The cabinet of the Government of Serbia, led by prime minister Aleksandar Vučić, was elected on 27 April 2014 by a majority vote in the National Assembly. It comprised ministers from the Serbian Progressive Party, Socialist Party of Serbia, Social Democratic Party of Serbia, Movement of Socialists and New Serbia, as well as some independent ministers.
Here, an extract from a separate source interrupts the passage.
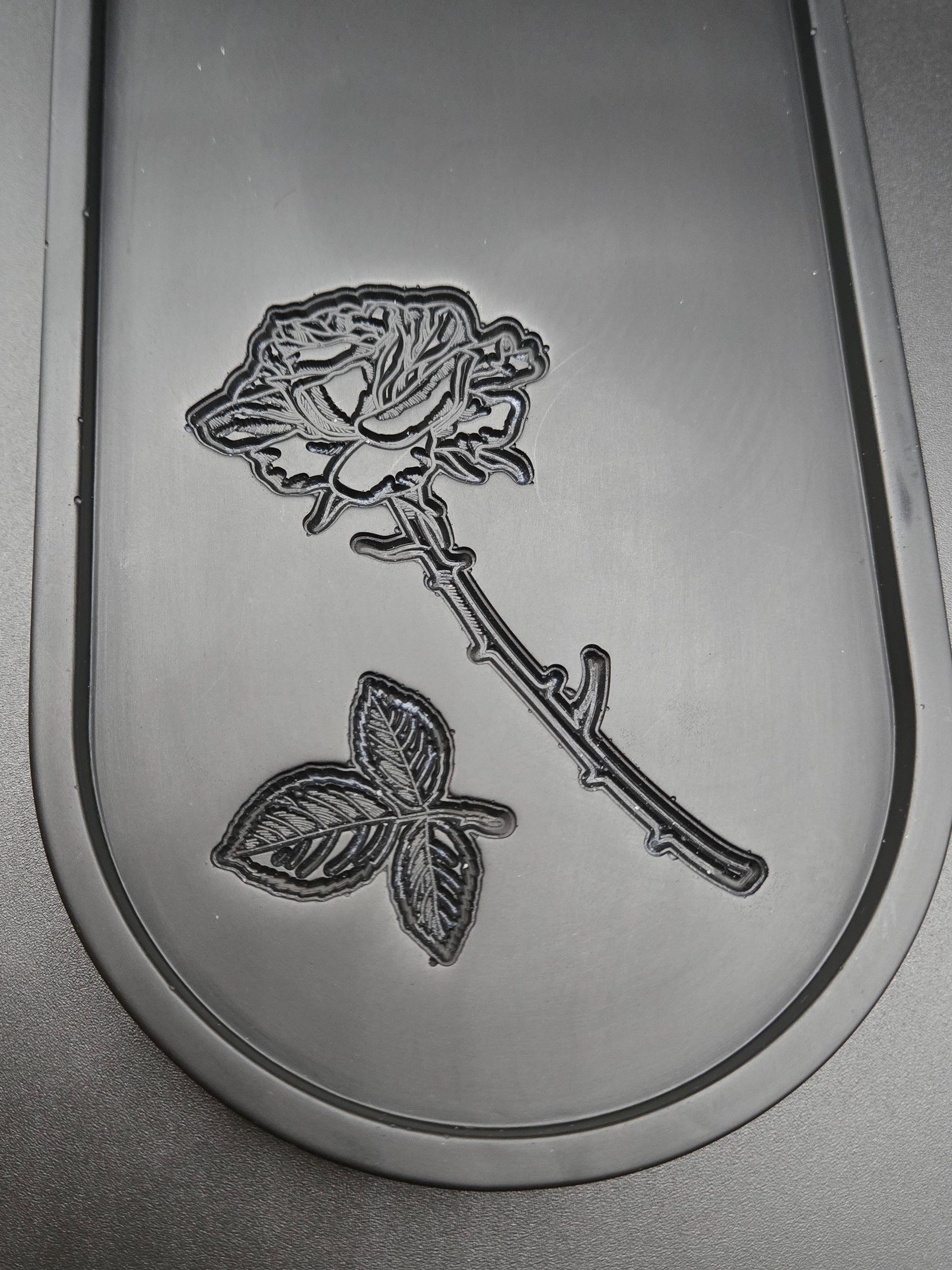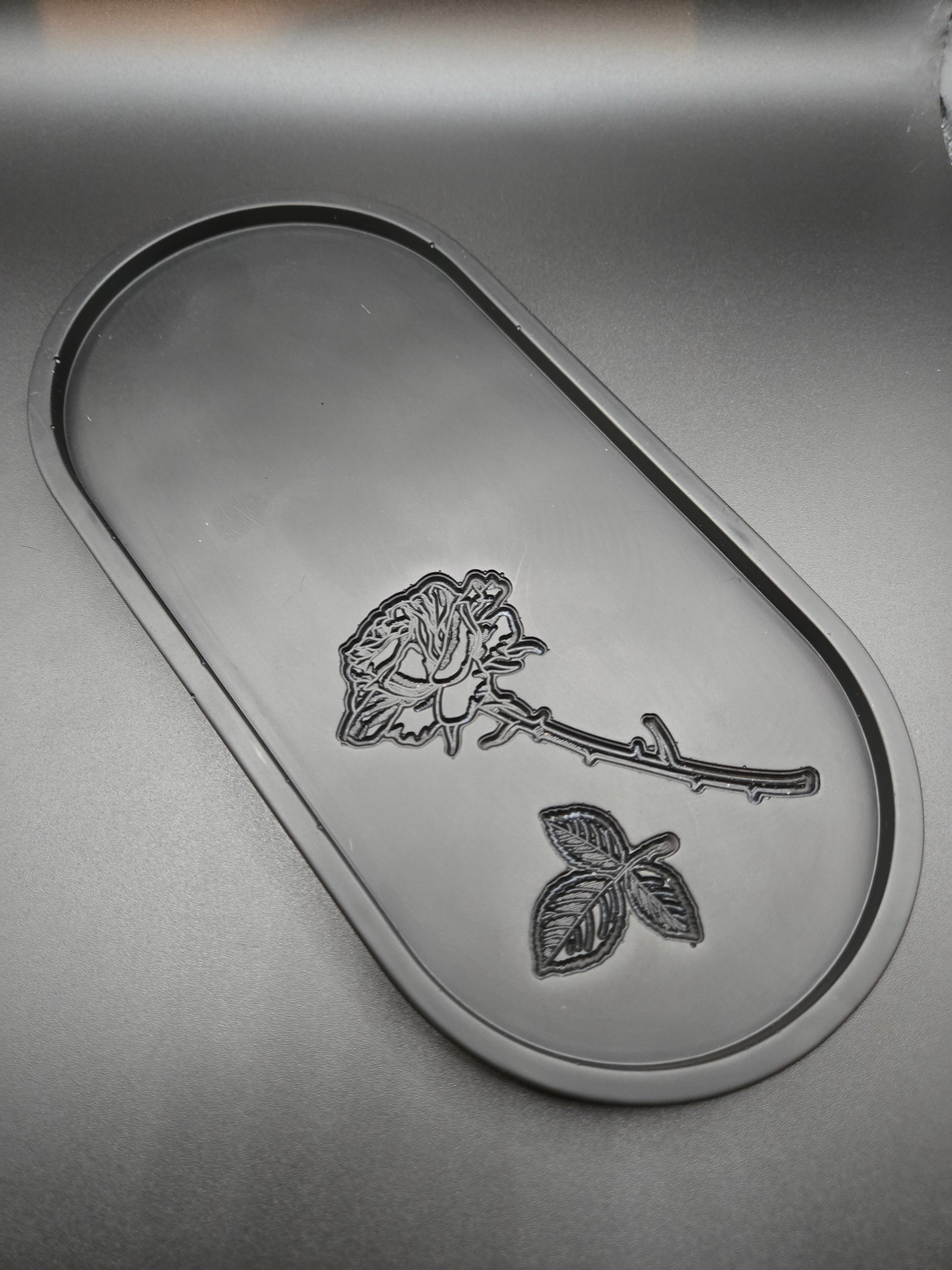 Hand crafted out of Jesmonite, this oval tray with inset rose detail is the perfect trinket dish.

The cabinet was voted in on April 28, 2014.

On 17 January 2016 Vučić called for a snap election claiming Serbia "needs four more years of stability so that it is ready to join the European Union". The National Assembly was dissolved on 3 March, thus turning the cabinet into a caretaker government.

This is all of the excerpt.